» **What you need to do**
Line by line, output everything from the one that contains "A Bestway medencelépcsők" through the end of the material below, exactly as written and with no pictures.

» **Data for this task**
_ _ _ _ _
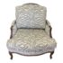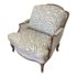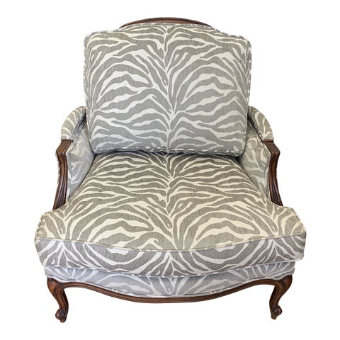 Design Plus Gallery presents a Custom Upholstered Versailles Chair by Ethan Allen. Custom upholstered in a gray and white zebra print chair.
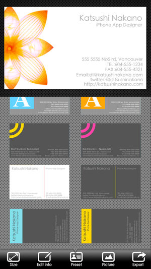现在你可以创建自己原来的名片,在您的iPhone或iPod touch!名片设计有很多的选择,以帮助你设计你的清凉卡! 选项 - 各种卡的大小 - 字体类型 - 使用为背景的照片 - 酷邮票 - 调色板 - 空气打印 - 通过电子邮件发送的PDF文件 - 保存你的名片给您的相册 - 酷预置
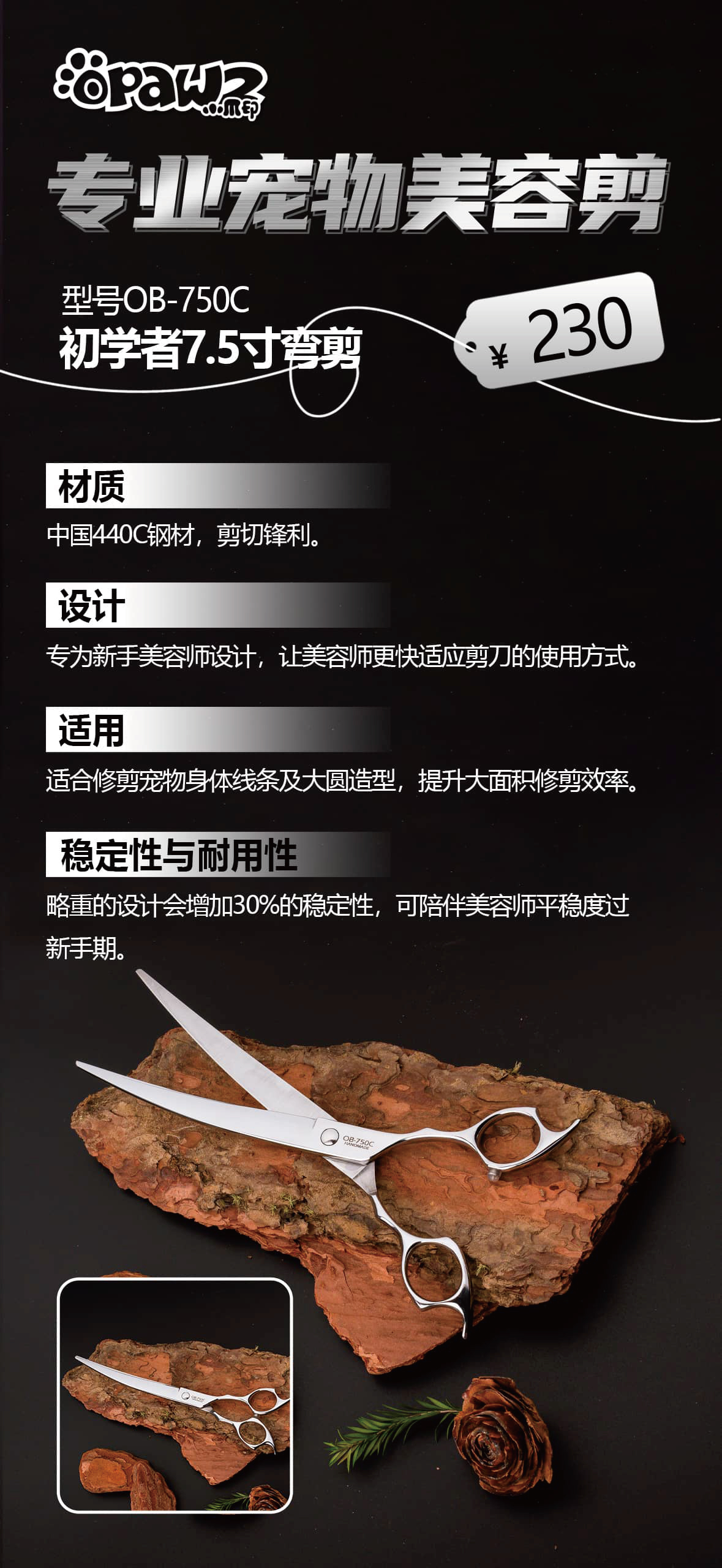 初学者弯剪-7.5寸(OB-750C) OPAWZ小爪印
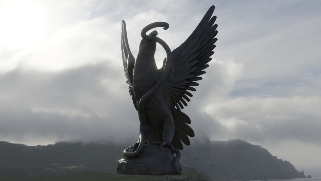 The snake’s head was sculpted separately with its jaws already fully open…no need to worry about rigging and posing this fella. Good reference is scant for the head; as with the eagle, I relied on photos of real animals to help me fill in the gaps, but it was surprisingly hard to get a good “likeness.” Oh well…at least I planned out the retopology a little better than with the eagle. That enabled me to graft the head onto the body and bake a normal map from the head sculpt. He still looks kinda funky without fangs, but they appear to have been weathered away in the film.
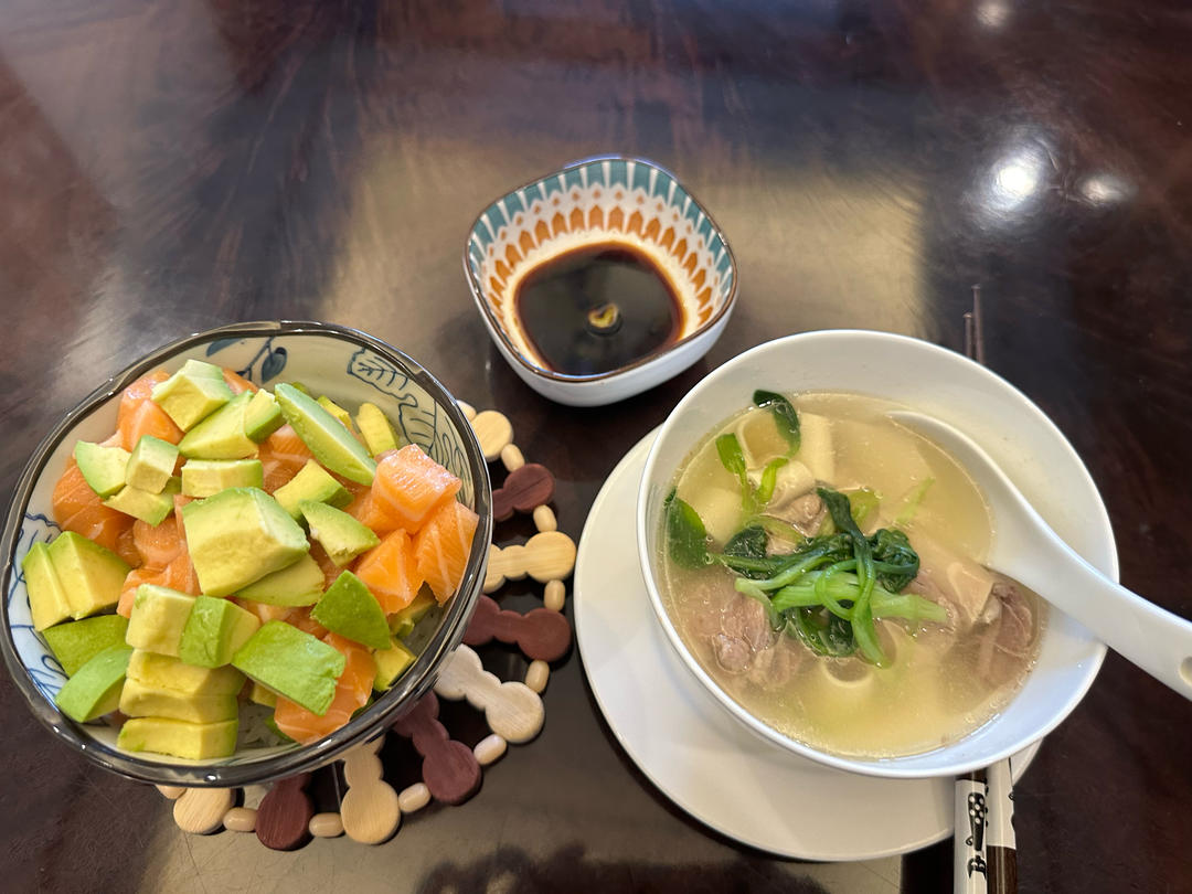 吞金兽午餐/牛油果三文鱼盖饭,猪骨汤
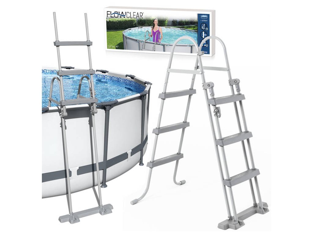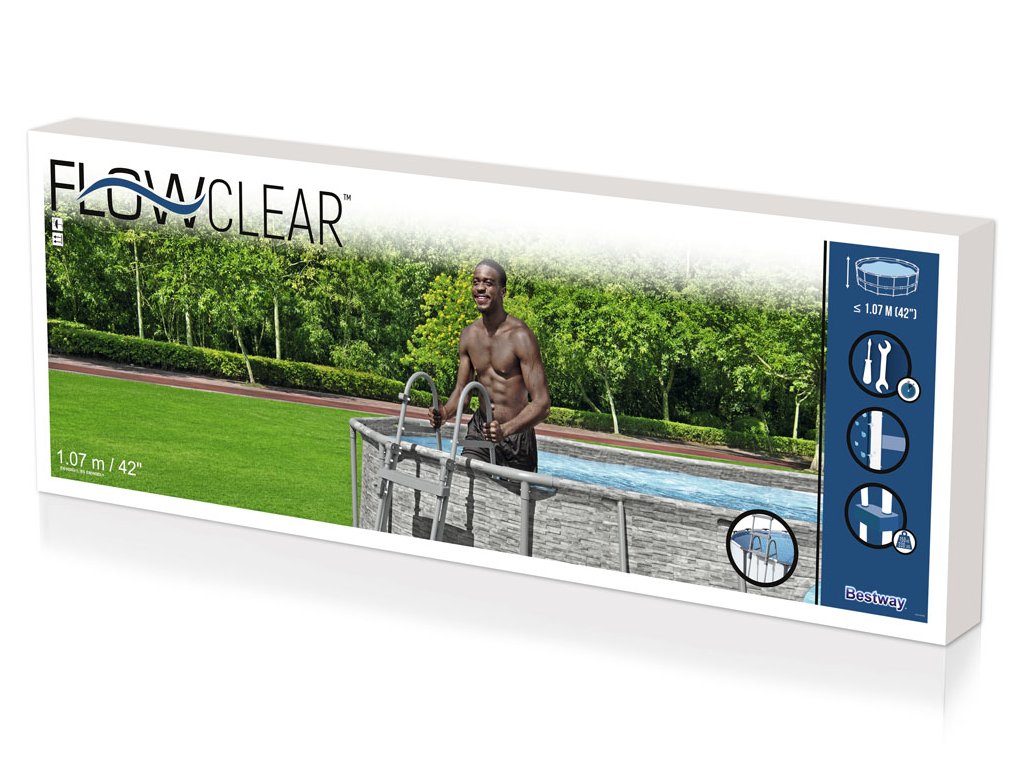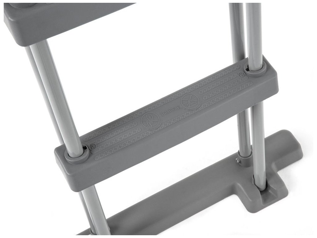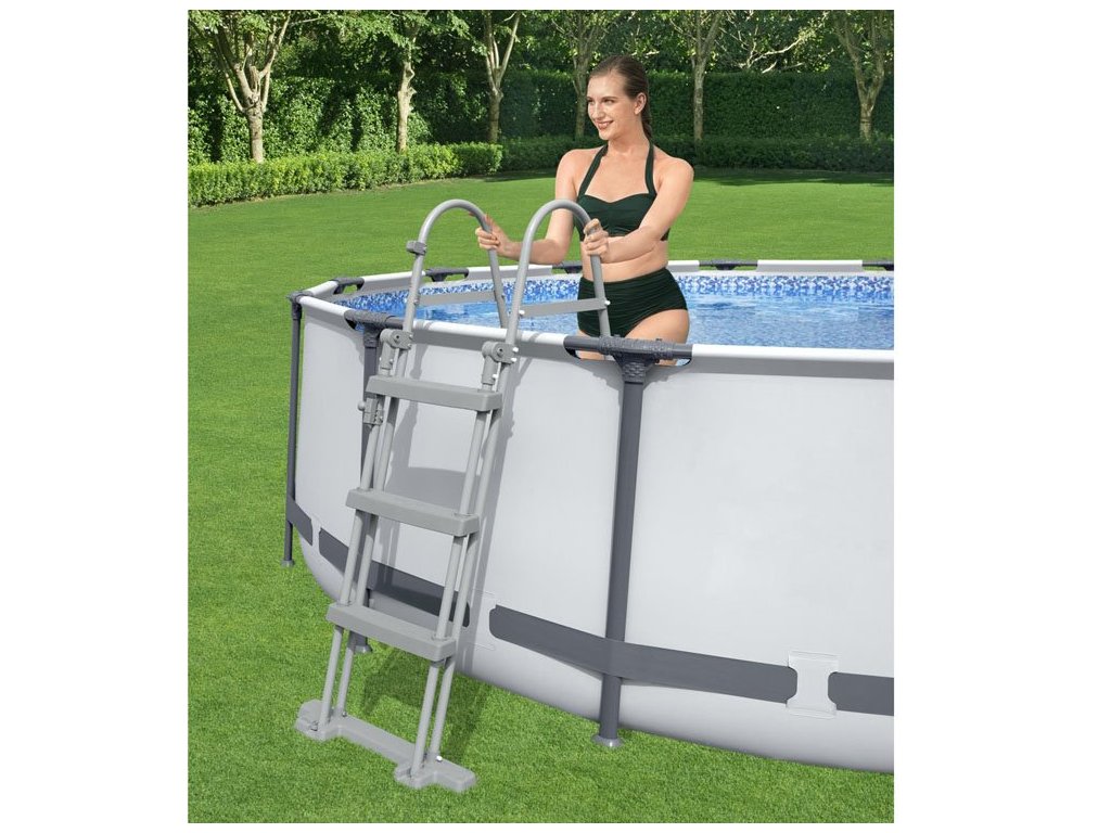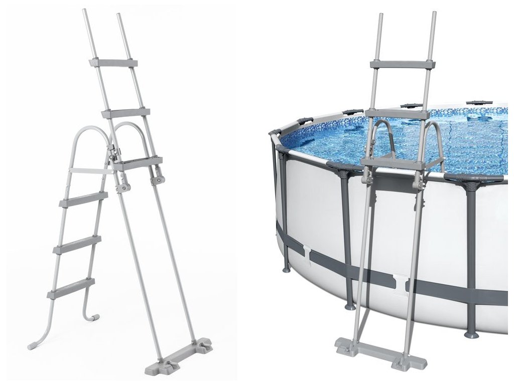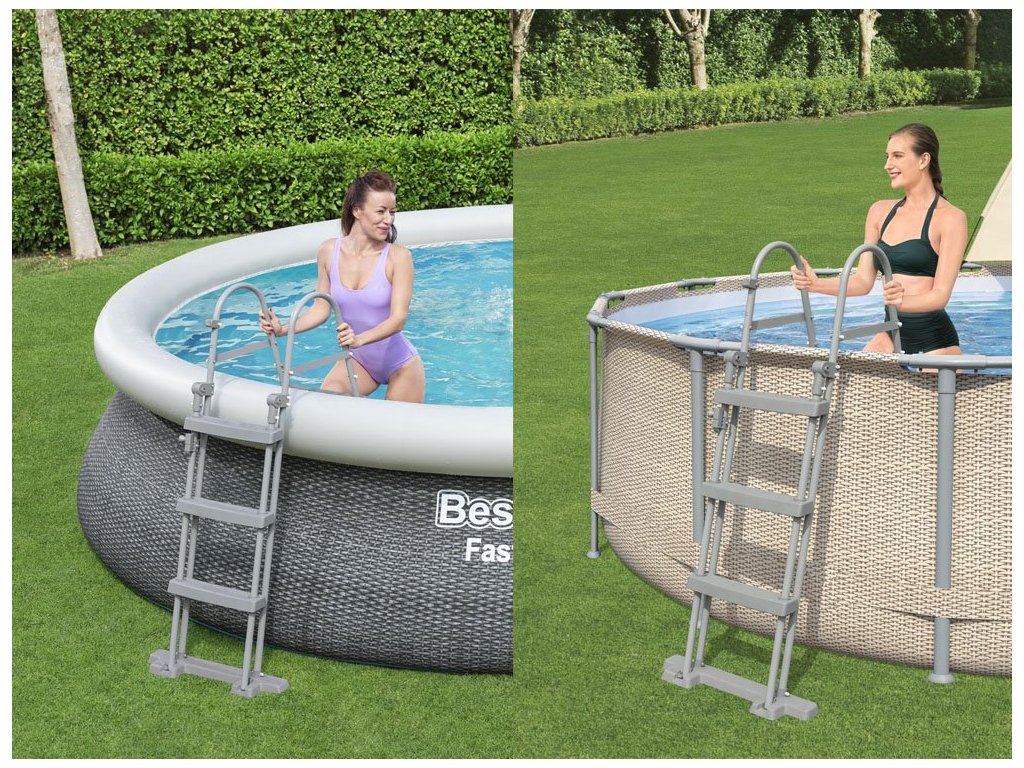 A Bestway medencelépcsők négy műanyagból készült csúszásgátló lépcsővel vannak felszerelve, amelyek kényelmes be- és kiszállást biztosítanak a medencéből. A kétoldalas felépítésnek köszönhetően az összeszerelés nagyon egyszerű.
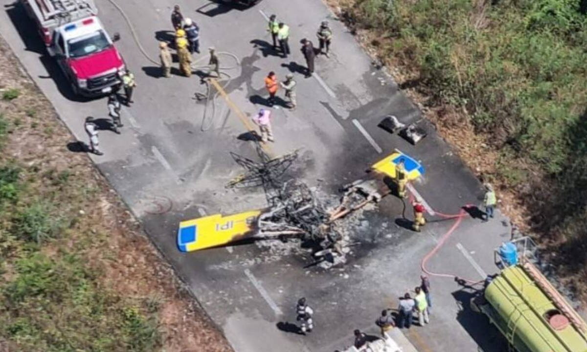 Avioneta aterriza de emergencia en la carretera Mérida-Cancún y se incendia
_ _ _ _ _
» **Exercise solution**
 A Bestway medencelépcsők négy műanyagból készült csúszásgátló lépcsővel vannak felszerelve, amelyek kényelmes be- és kiszállást biztosítanak a medencéből. A kétoldalas felépítésnek köszönhetően az összeszerelés nagyon egyszerű.
 Avioneta aterriza de emergencia en la carretera Mérida-Cancún y se incendia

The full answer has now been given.